The Later Buddhist Logic on Causation (Pratityasamutpada)

by Aik Theng Chong, The Buddhist Channel, Feb 13, 2014

Singapore -- The usual realistic view of causation implies the simultaneous existence of two things of which one operate in producing the other. Cause and effect must exist simultaneously at least during some of the time. To the realist, the potter and the pot exist simultaneously.

To the Buddhist, the potter is only a series of point instants. In one of this instant, it is followed by the first moment of the series of point instant called a pot. It is an impersonal process, they is no enduring Ego’s working on the pot. The cause ceased to exist when the effect is produced. To the Buddhist, simultaneous existence of cause and effect is not possible. It is only possible when both are static and causation is than an imagination.

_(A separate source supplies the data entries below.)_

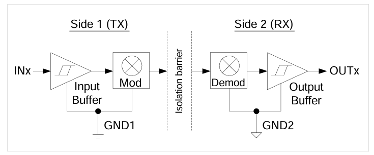 以市场主流的电容耦合数字隔离器为例,在其芯片内部,输入信号被转换为高频的脉冲信号,这些脉冲信号通过电容的电场耦合作用,跨越隔离屏障传输到输出端。在输出端,再将接收到的脉冲信号还原为原始的数字信号,从而实现了信号在不同电位的电路之间的安全传输,同时为两侧电路提供稳定的电气隔离环境,可避免各种潜在的电气问题。
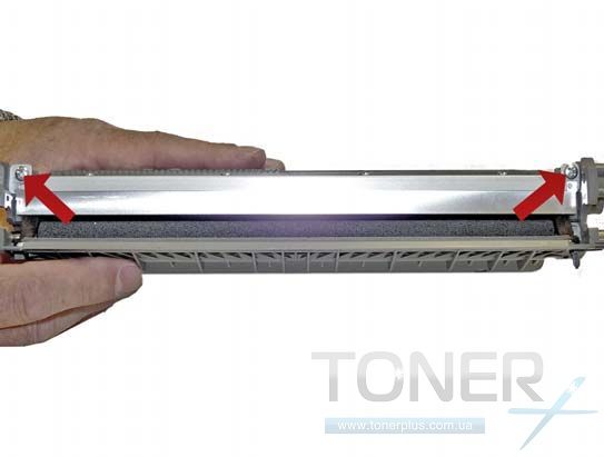 Снимите вал переноса. Очистите его от остатков тонера с помощью ватных дисков смоченных в изопропиловом спирте.
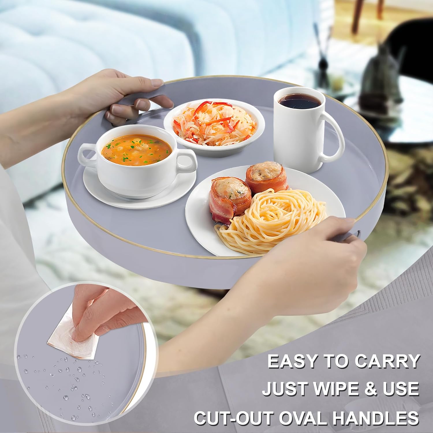 - PLASTIC SERVING TRAY: Round serving tray provide a stable surface for plates, cups, and utensils, making it easier to carry and enjoy your meal without spills. Not only can it be used as a breakfast tray for enjoying breakfast in bed, but it also be used as a perfume tray, bathroom vanity tray, jewelry tray, accessory tray and makeup tray.
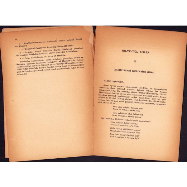 İthaf, "İstanbul Halkevi kütüphanesine edebi hatıram! Üsküdar: 9.4.934. Emniyeti umumiyle eskarı neşriyat şubesi ve sabık Gümüşhane mektupçusu Filorinalı Nazım" şeklindedir. Büyük bir Abdülhak Hamid hayranı olan, kendisini Hamid'in varisi olarak gören bu yüzden Tevfik Fikret ve Peyami Safa tarafından alaycı bir biçimde "şiir kralı" lakabı takılan Florinalı Nazım'ın şiir kitabıdır.
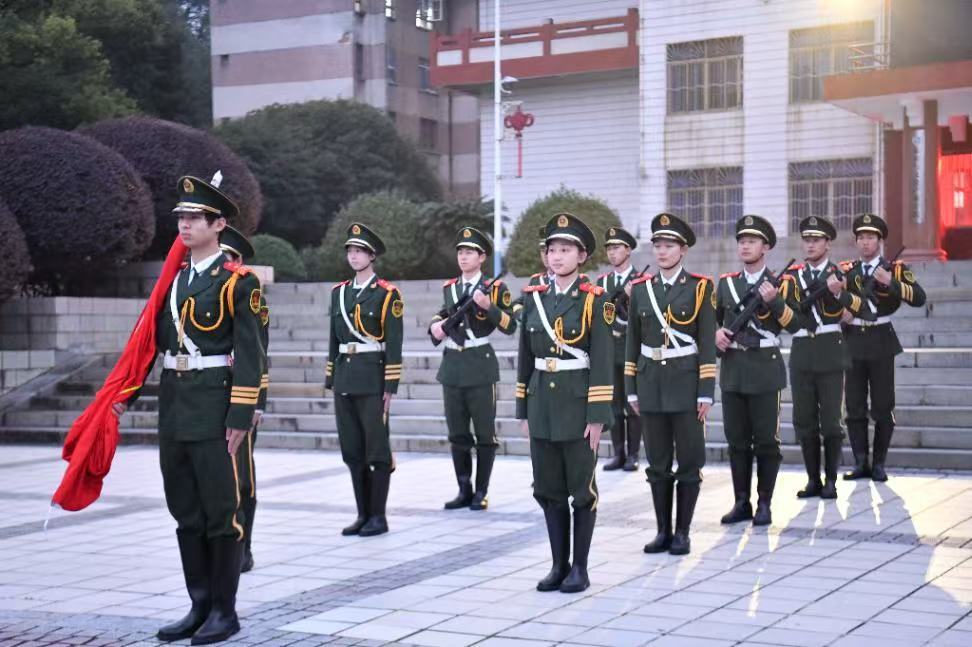当第一缕晨光洒向广场,国旗护卫队队员身着正装,迈着铿锵有力的步伐护送五星红旗走向升旗台。“起来!不愿做奴隶的人们!”激昂的国歌响彻广场,全院师生肃立行注目礼,鲜艳的五星红旗迎着朝阳升起,庄重的氛围让师生深切体悟家国情怀的力量。

Existence in Buddhism is a dynamic process, not static. What does not work, what is inefficient does not exist. Existence is composed of a sequence of point instants which are interdependent. Every point instant is a cause for the subsequence point instant. Things cannot be produced by another thing. All things and people are momentary existences. There is no real motion, because there is no duration. There is no real production as production requires time. It is only a limitation of our cognition that we do not perceive the distinctness of similar moments and assume that they represent substance and duration.

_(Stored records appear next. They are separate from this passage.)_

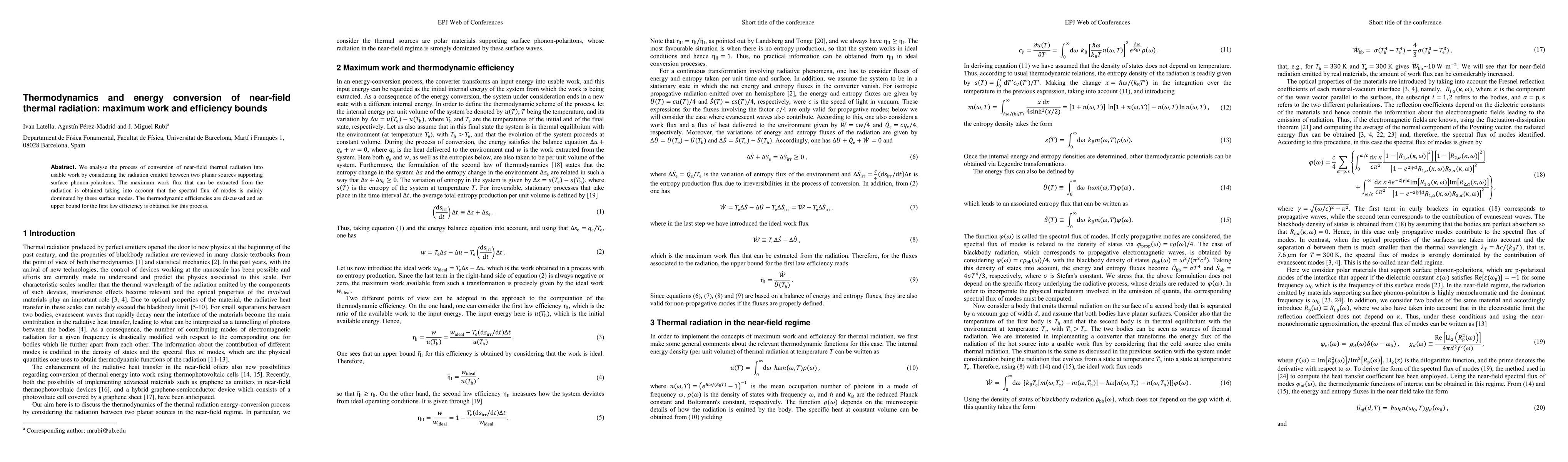 This paper investigates the conversion of near-field thermal radiation into usable work, focusing on the radiation between two planar sources supporting surface phonon-polaritons. It establishes the maximum work flux and an upper bound for the first law efficiency in this thermodynamic process.
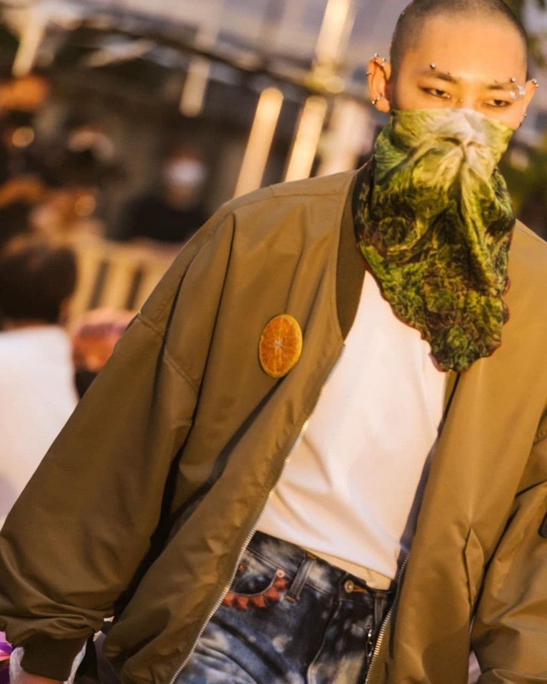 Капустная маска на вечеринке? Легко, если это бандана от дерзкого бренда Doublet! Помогает соблюдать инкогнито и антиковидные нормы безопасности. Ощущение, что ты самый модный голубец на этом празднике жизни – бесценно.
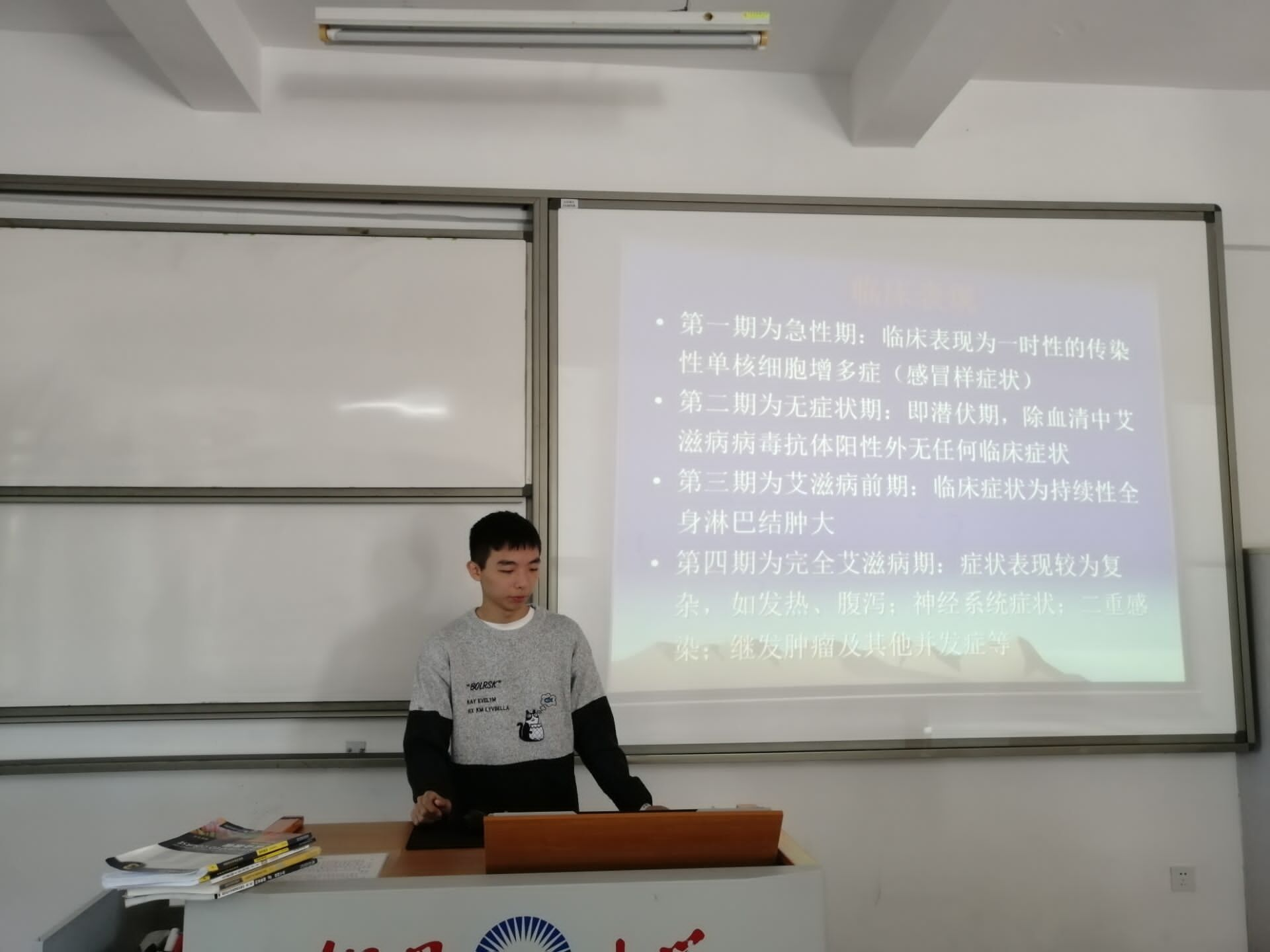 班级开展防艾知识宣传 讲座结束后,参加该讲座的物流管理系同学们作为本系本班的防艾宣传大使,在班级内部也开展了一次防艾知识转授宣传,将自己所掌握的知识积极地传播给更多的人,让更多的同学能够参与其中,确保宣传教育活动落到实处。
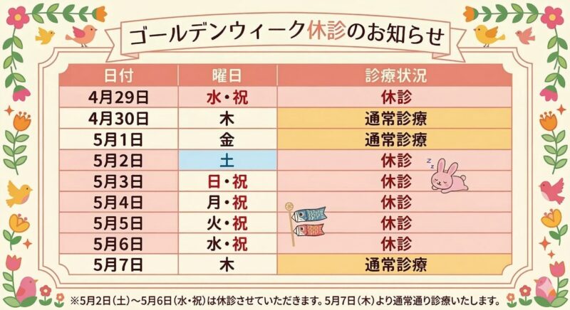 ゴールデンウィークは5月2日~5月6日まで休診となります。連休前後は混雑が予想されます。お薬がなくなりそうな方は早めに受診をお願いいたします。
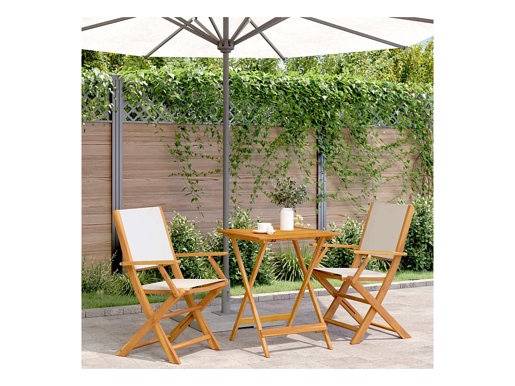 Ensemble de bistro 3 pcs blanc crème tissu et bois massif FR15815
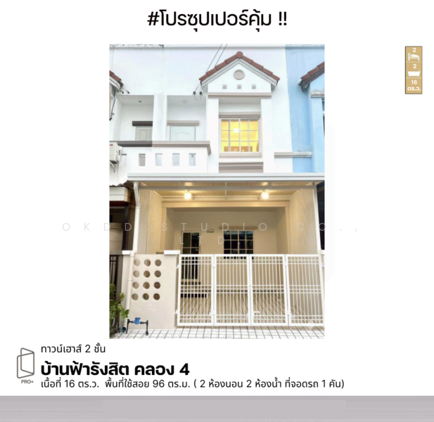 ทำเลเทพ! เดินถึงถนนใหญ่แค่ 90 เมตร บ้านฟ้ารังสิต คลอง 4

It is an illusion to assume that a thing can exist placidly, without acting, and then suddenly rise and produce an action. Whatsoever exists is always acting, is always a cause. Existence is change. What is non-cause does not exist. It is also a non-reality.

There are two different realities, a direct one which is pure, it is the reality of the point instant and an indirect one attached to that point instant. The indirectly one is an image constructed by our imagination it is the reality of the empirical object. Consequently there are also two different causalities, an ultimate one and an empirical one. The first being the efficiency attached to the point instant, the transcendental reality. The other, is the object attached to that point instant, an empirical reality of limited duration.

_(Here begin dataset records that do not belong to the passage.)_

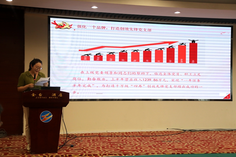 黨委副書記、工會(huì)主席楊善革指出,公司上下緊貼年度黨建工作會(huì)議提出的目標(biāo)任務(wù),以“黨建品牌提升年”為依托,根據(jù)生產(chǎn)經(jīng)營實(shí)際,精心設(shè)計(jì)載體,創(chuàng)新工作方法,采取有力措施,黨建工作與經(jīng)濟(jì)工作相互交融、相得益彰取得了新的進(jìn)展,助推公司實(shí)現(xiàn)“一年任務(wù)半年完成”目標(biāo)。下半年,要始終堅(jiān)持全年目標(biāo)任務(wù)不動(dòng)搖,責(zé)任再強(qiáng)化,措施再細(xì)化,在匯聚合力、聚集中心、矢志創(chuàng)新、提質(zhì)增效等方面抓特色、樹品牌,抓典型、樹標(biāo)桿,努力取得黨建工作新的突破,保障實(shí)現(xiàn)“過五超六”,轉(zhuǎn)型創(chuàng)效目標(biāo),進(jìn)一步奠定經(jīng)濟(jì)發(fā)展基礎(chǔ)。
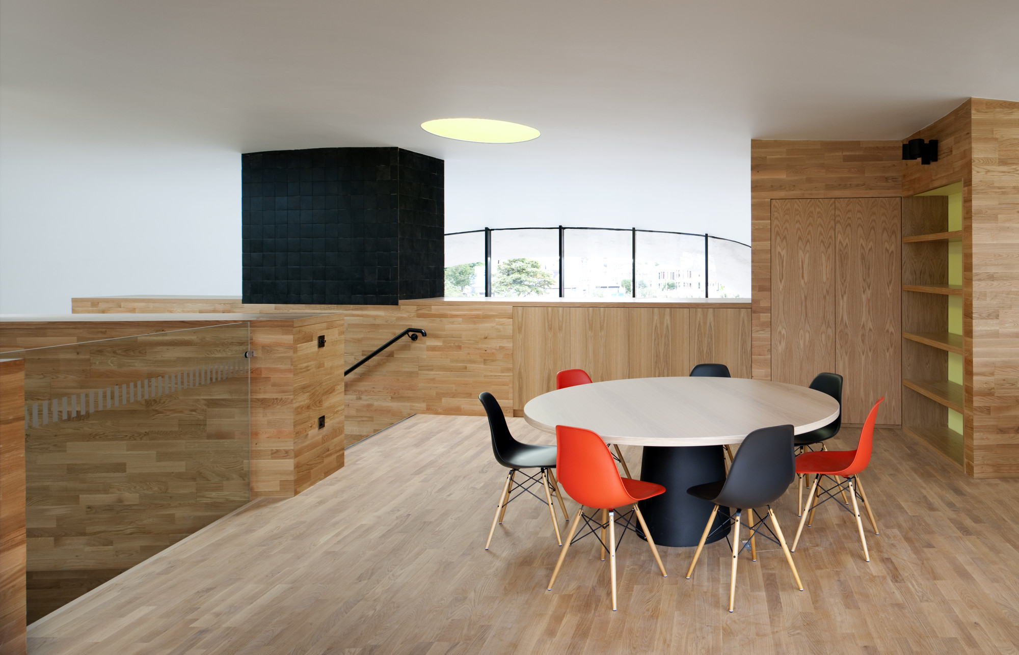 Bên trong quả trứng này là các không gian làm bằng gỗ, thiết kế dạng mở, thoáng đãng, khoa học.
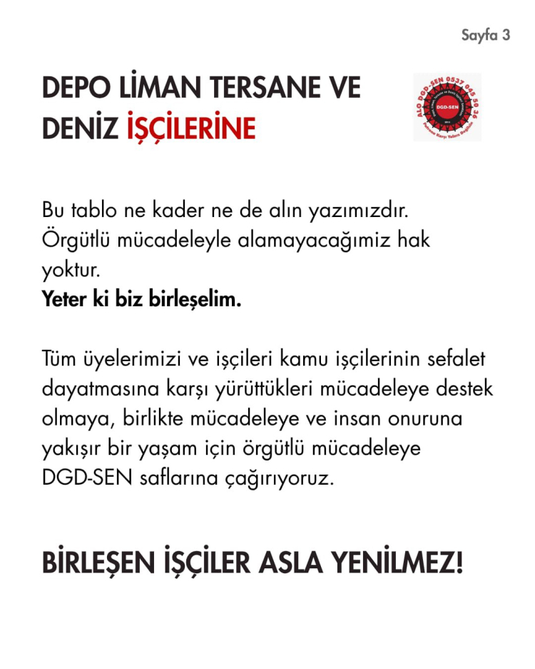 Sendika, örgütlü mücadeleyle işçilerin haklarına kavuşabileceğini vurgularken, tüm üyelerini ve işçileri DGD-SEN saflarına davet etti. “Bu tablo kaderimiz değil. Yeter ki biz birleşelim” denilen açıklamada, “Birleşen işçiler asla yenilmez” sloganıyla dayanışma çağrısı yapıldı.
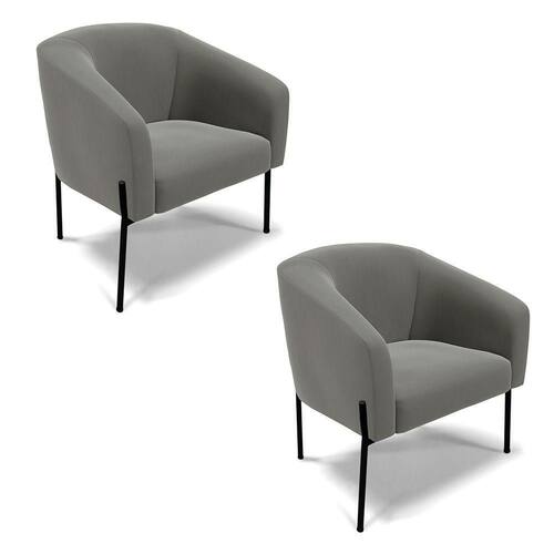 Poltrona Pé De Ferro Preto Kit 2 Stella Suede D03 - D'rossi Cor Grafite
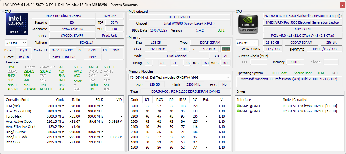 | Dell Pro Max 18 Plus MB18250 Ultra 9 285HX, RTX PRO 5000 Blackwell Generation Laptop, , IPS, 2560x1600, 18" | Schenker Key 18 Pro M25 RTX 5090 Ultra 9 275HX, GeForce RTX 5090 Laptop, Samsung 9100 Pro 4 TB, IPS, 3840x2400, 18" | HP ZBook X G1i 16 Ultra 7 265H, RTX PRO 2000 Blackwell Generation Laptop, Samsung PM9A1 MZVL22T0HBLB, IPS, 2560x1600, 16" | HP ZBook Studio 16 G11 Ultra 9 185H, RTX 3000 Ada Generation Laptop, Kioxia XG8 KXG80ZNV1T02, IPS, 3840x2400, 16" | Lenovo ThinkPad P16 Gen 2 i7-14700HX, RTX 4000 Ada Generation Laptop, SK hynix PC801 HFS001TEJ9X162N, IPS, 2560x1600, 16" | Dell Pro Max 16 Plus Ultra 9 285HX, RTX PRO 5000 Blackwell Generation Laptop, SK hynix PCB01 HFS001TFM9X186N, OLED, 3840x2400, 16" | |

A thing does not produce anything alone. Result come into being only when there is a combination of other elements. This totality is composed of causes and conditions. To the realists, causation consists of a succession of two static things. It is a one-to-one relationship. To the Buddhist, there is no destruction or creation of things. There is always the present of constant, uninterrupted, infinitely graduated changes going on. A result can be produced by human cooperation, but it is just one cause at a meeting point of the convergent stream of causes. There is infinite variety of circumstances that can influence the production of an event. Needless to said, there are some fairly predictable regularities of sequence that can be cognized by us in different lines of causation.

To the Buddhists, empirical existence is a state of Bondage comparable to a prison. To the determinist, the Buddha declared that there is freewill, free action but there is also responsibility. As to liberty, there is also retribution based on the laws of causality. The teaching of karma is just one form of causality. Life is a constant movement towards a final deliverance. It is this movement, this life that is subjected to strict causal laws. When final deliverance has being attained in Nirvana, causation is then extinct.

We can distinguish four main shapes of the theory of Causation or Dependent Origination, two from early Buddhism and two others of the Mahayana tradition. The early discourses on the Dependent Origination doctrine are found in the Suttas. It is describe in a series of twelve or less conditioned links with moral bearing where there is bondage and deliverance. The general one is found in the later philosophical treatises where all the elements are explained and the different line of causation concluded. In early Buddhism, the elements exist but are impermanence.

The Mahayana interpretation of the doctrine of Dependent Origination is quite different. In the first period, interdependence means relativity. Relativity means the unreality of the separate elements as each element only arises when the right causes and conditions are present. The elements are nothing by themselves. The twelve conditioned links of Dependent Origination is declared as a reference to phenomenal life only. The general theory of causation is likewise declared as conditional and unreal as well. Thus, there is no plurality, no differentiation, no beginning and no end. The cosmos is only a motionless illusive reality.

In the last period of the idealistic and logical school of Mahayana development, the Dependent Origination doctrine is concluded by Santiraksita as follows: ‘I salute the Buddha who has proclaimed the principle of Dependent Origination, according to which everything is kinetic, there is no God, no matter, no substance, no quality etc., but there is strict conformity between every fact and its result… Dependent Origination here means motion, a Cosmos which is essentially kinetic.  In both these periods, non-duality and emptiness becomes the central theme of the teaching of Causation of the Mahayana tradition.